The “Four Golden Signals” are the most helpful for creating an SLO for your service:

  • Traffic - e.g. number of requests, requests / sec, bytes / sec.
  • Errors - e.g. requests that fail, for any reason.
  • Test duration - e.g. time to service a request, seconds / request.
  • Saturation - e.g. system capacity, a fraction or percentage.

See “SRE: Chapter 6: Four Golden Signals” for more information. Prometheus client libraries are available in most languages.

Experiment Support & M-Lab Community Expectations

Experiment Developers should provide links to documentation of their experiment to support end users, as well as a support or contact email address where users may be directed by M-Lab support staff.
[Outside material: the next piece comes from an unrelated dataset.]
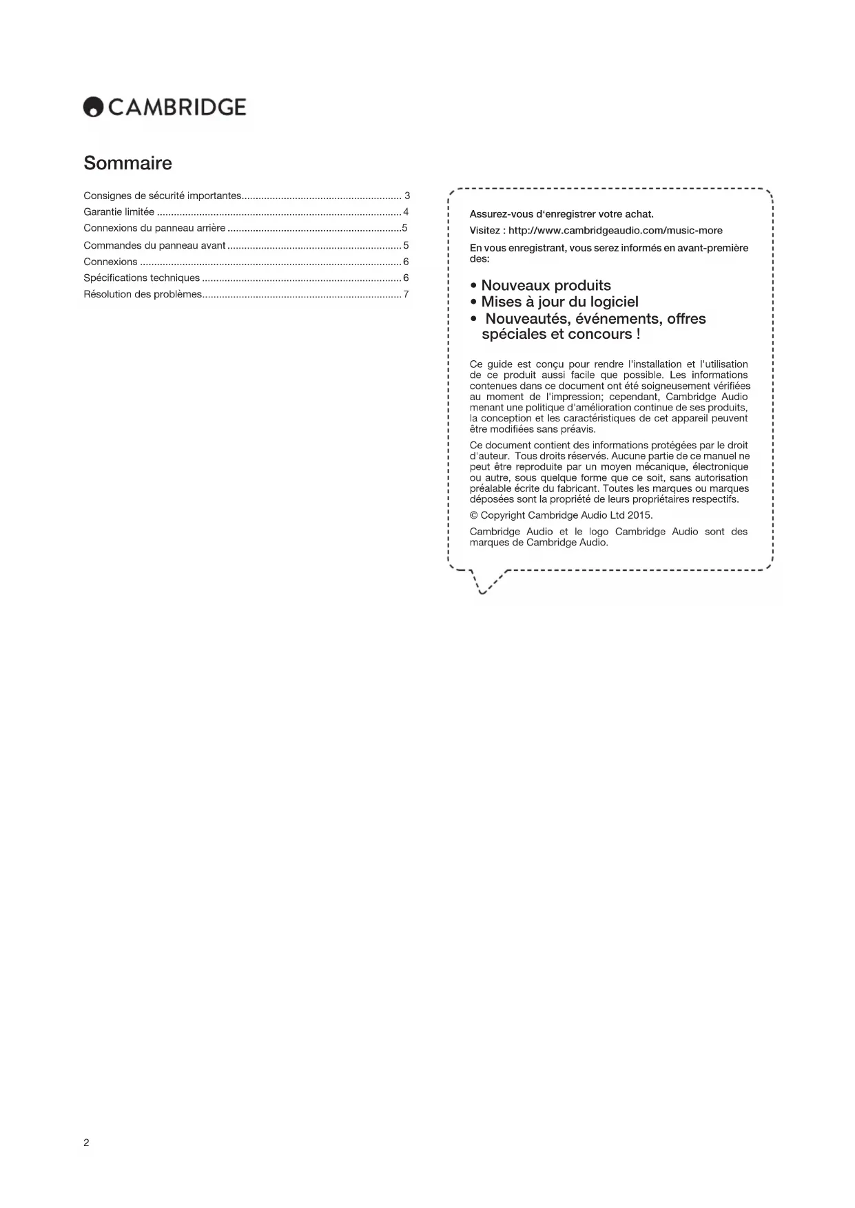 - Nouveautés, événements, ores spéciales et concours ! Ce guide est conçu pour rendre l'installation et l'utilisation de ce produit aussi facile que possible. Les informations contenues dans ce document ont été soigneusement vériées au moment de l'impression; cependant, Cambridge Audio menant une politique d'amélioration continue de ses produits, la conception et les caractéristiques de cet appareil peuvent être modiées sans préavis. Ce document contient des informations protégées par le droit d'auteur. Tous droits réservés. Aucune partie de ce manuel ne peut être reproduite par un moyen mécanique, électronique ou autre, sous quelque forme que ce soit, sans autorisation préalable écrite du fabricant. Toutes les marques ou marques déposées sont la propriété de leurs propriétaires respectifs. © Copyright Cambridge Audio Ltd 2015. Cambridge Audio et le logo Cambridge Audio sont des marques de Cambridge Audio. Consignes de sécurité importantes......................................................... 3 Garantie limitée ....................................................................................... 4 Connexions du panneau arrière ..............................................................5 Commandes du panneau avant .............................................................. 5 Connexions ............................................................................................. 6 Spécications techniques ....................................................................... 6 Résolution des problèmes .......................................................................73 CP1/CP2 Pour votre propre sécurité, merci de lire attentivement ces instructions importantes sur la sécurité avant de tenter de raccorder cette unité au réseau électrique. Elles vous permettront aussi d’obtenir les meilleurs résultats et de prolonger la durée de vie de l’appareil :

The M-Lab team will also coordinate with Experiment Developers to place relevant documentation on the measurementlab.net website if desired.

Third-party developers are frequently interested in integrating M-Lab hosted tests into their applications. If this is of interest, then Experiment Developers need to include documentation about how to approach developing with the experiment.

The M-Lab team also maintains community lists/groups/forums where Experiment Developers may engage with and support users directly. We encourage Experiment Developers to be involved in M-Lab community forums.

Experiment Lifecycle Expectations

M-Lab expects Experiment Developers to maintain and support experiment code running on the platform for at least the period of their MoU with M-Lab. Further, M-Lab expects experiments running on the platform to be actively maintained and supported for the term of the MoU.

Decommissioning

In the event that an Experiment Developer wishes to retire an experiment, M-Lab will expect to coordinate on timing and communications to users with as much advance notice as possible. Typically decommissioning will be scheduled during the MoU renewal process if an Experiment Developer indicates a desire to discontinue hosting. However, decommissioning an experiment outside of this cycle is possible on a case by case basis.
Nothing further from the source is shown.